Well in spite of Mother Nature's best efforts, we made it through the winds of Patagonia to the 'end of the world'! Since my last posting from El Calafate, we have been letting the weather dictate where and how far we travel. AccuWeather.com tells us when the winds will be down, so we can leave early and dash a couple of hundred kilometers before they start picking up in the afternoon. RuthAnn and I had been dreading the 85 miles of gravel, a ferry crossing over the Straits of Magellan, and two border crossings that lay in our path between Rio Gallegos and Ushuaia, but, as the 'esposos' keep telling us, its never as bad as we imagine it.
There is no paved road all the way to Ushuaia, and all along the route we had heard horror stories about the gravel stretch from other motorcyclists that had been beaten by wind, rain, and grading. We may be riding dirt bikes and look dirty, but we are not dirt riders! So we stayed in a beautiful estancia right where the pavement ended and made the trek on a lovely, dry, sunny day without incident. Then it was the ferry over the Straits, another rough, windy waterway. But the sun god smiled again, and we zipped up the ramp and sailed smoothly over to the other side. And as if we haven't had enough borders to cross, we had to go into Chile and then back into Argentina because of the way the 'frontera' is drawn. Oh well, it was a chance to warm up from the very brisk temperatures that we are now experiencing. By the way, that made border crossing number 15!

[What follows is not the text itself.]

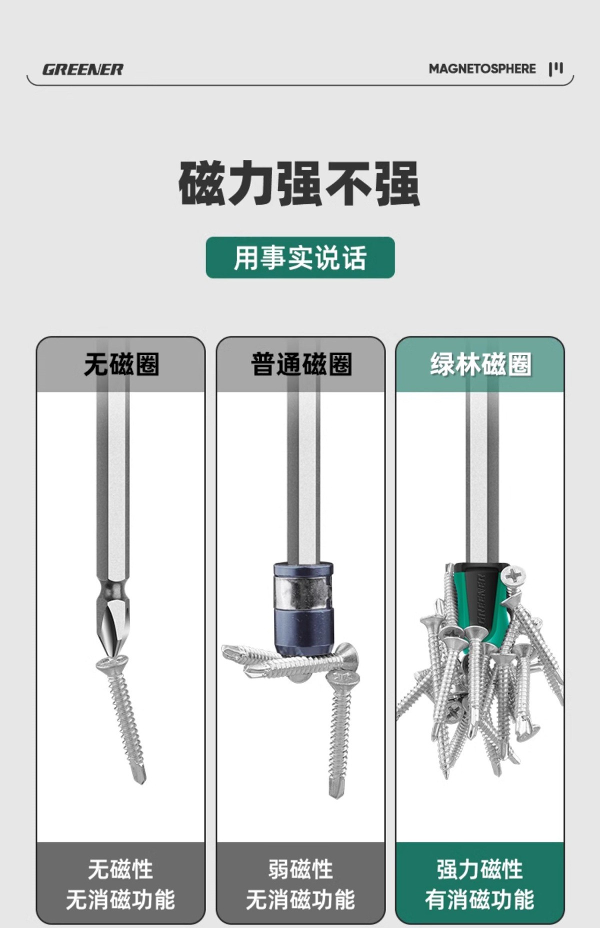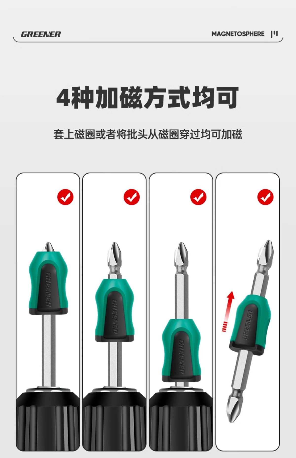 Greenforest 마그네틱 링 배치 헤드 강한 마그네틱 자석 크로스 배치 헤드 안티 슬립 자성기 demagnetizing 전기 스크루 드라이버 비트스토어 가기

Upon arriving in Ushuaia, we headed the further 20 kms to Tierra Del Fuego National Park where Ruta 3 ends. This is considered the 'end of the world' and is marked by a monument where everyone heads for their photo op. We had traveled for 83 days and covered 19,929 kms! Several buses had preceded our arrival and their passengers greeted us like celebrities, taking our pictures and asking questions. Many of the wives appeared grateful considering that they were traveling with their couch-potatoes on a nice warm bus instead of being us!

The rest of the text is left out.